▸ **Exercise**
Reproduce the following data exactly, minus any images.

▸ **Data segment**
▶

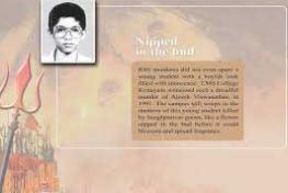 അജീഷിെൻറ രക്തസാക്ഷിത്വം എസ്.എഫ്.ഐ സി.എം.എസ് കാമ്പസില് അക്കാലത്തും രാഷ്ട്രീയമായി ഉപയോഗിച്ചിട്ടില്ല. തൊട്ടുടന് നടന്ന കോളജ് യൂണിയന് തെരഞ്ഞെടുപ്പിലടക്കം അജീഷിന്െറ പടംവെച്ച് വോട്ടു പിടിച്ചിട്ടുമില്ല. രണ്ടു വര്ഷങ്ങള്ക്കകം എ.ബി.വി.പിയുടെ ഹരികുമാര് അവിടെ മാഗസിന് എഡിറ്ററായും ജനറല് സെക്രട്ടറിയായും തുടര്ച്ചയായി ജയിക്കുകയും ചെയ്തു. ആ രക്തസാക്ഷിത്വത്തെ രാഷ്ട്രീയമായി ഉപയോഗിക്കുന്നതില് അന്ന് സി.എം.എസില് എസ്. എഫ്.െഎ പ്രവര്ത്തകനായിരുന്ന ഞാനടക്കം പരാജയപ്പെട്ടുവെന്ന് ചുരുക്കം.
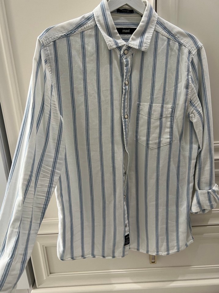 Düğmeli, uzun kollu ve yakalı bu erkek keten gömlek, rahat kesimi ve gri-beyaz çizgili deseniyle günlük sokak stiline uygundur.
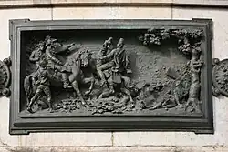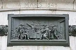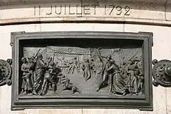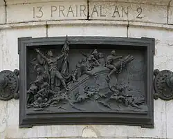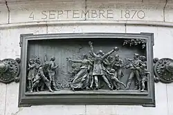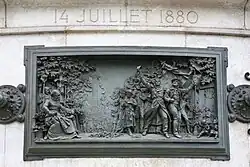 Kamenný podstavec je obklopen dvanácti bronzovými reliéfy, které vytvořil Léopold Morice. Jsou propojeny rozetami a umístěny ve výši očí pro kolemjdoucí. Tvoří chronologii událostí označujících historii Francouzské republiky mezi lety 1789 a 1880:
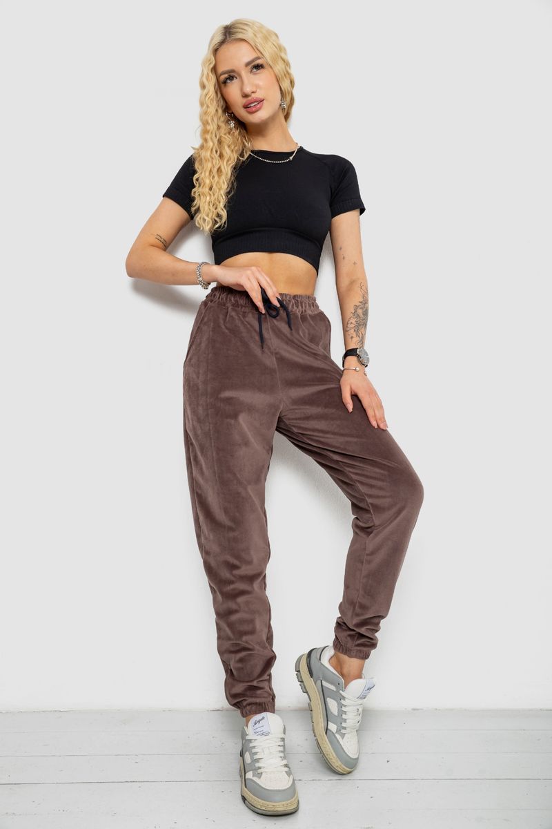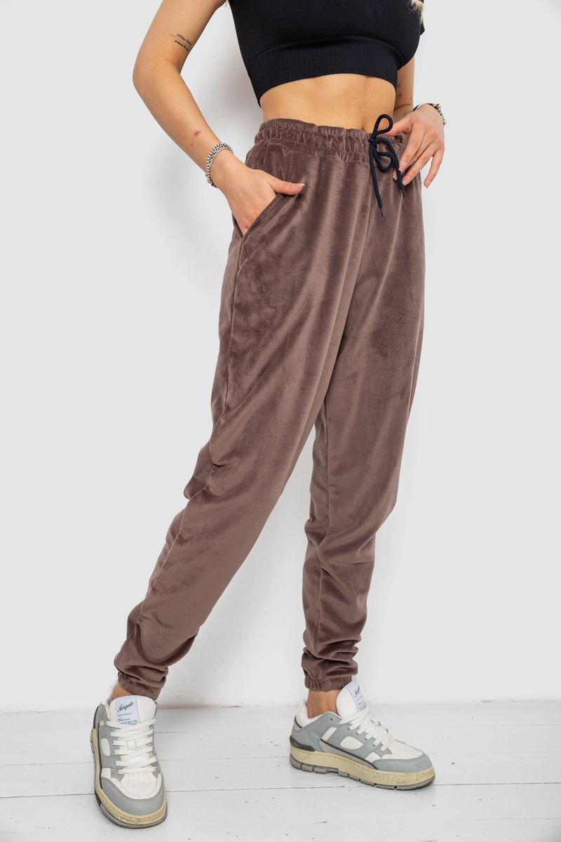 Спортивні штани жіночі велюрові, колір мокко, 238R58646

◀

▸ **Exercise answer**
 അജീഷിെൻറ രക്തസാക്ഷിത്വം എസ്.എഫ്.ഐ സി.എം.എസ് കാമ്പസില് അക്കാലത്തും രാഷ്ട്രീയമായി ഉപയോഗിച്ചിട്ടില്ല. തൊട്ടുടന് നടന്ന കോളജ് യൂണിയന് തെരഞ്ഞെടുപ്പിലടക്കം അജീഷിന്െറ പടംവെച്ച് വോട്ടു പിടിച്ചിട്ടുമില്ല. രണ്ടു വര്ഷങ്ങള്ക്കകം എ.ബി.വി.പിയുടെ ഹരികുമാര് അവിടെ മാഗസിന് എഡിറ്ററായും ജനറല് സെക്രട്ടറിയായും തുടര്ച്ചയായി ജയിക്കുകയും ചെയ്തു. ആ രക്തസാക്ഷിത്വത്തെ രാഷ്ട്രീയമായി ഉപയോഗിക്കുന്നതില് അന്ന് സി.എം.എസില് എസ്. എഫ്.െഎ പ്രവര്ത്തകനായിരുന്ന ഞാനടക്കം പരാജയപ്പെട്ടുവെന്ന് ചുരുക്കം.
 Düğmeli, uzun kollu ve yakalı bu erkek keten gömlek, rahat kesimi ve gri-beyaz çizgili deseniyle günlük sokak stiline uygundur.
 Kamenný podstavec je obklopen dvanácti bronzovými reliéfy, které vytvořil Léopold Morice. Jsou propojeny rozetami a umístěny ve výši očí pro kolemjdoucí. Tvoří chronologii událostí označujících historii Francouzské republiky mezi lety 1789 a 1880:
 Спортивні штани жіночі велюрові, колір мокко, 238R58646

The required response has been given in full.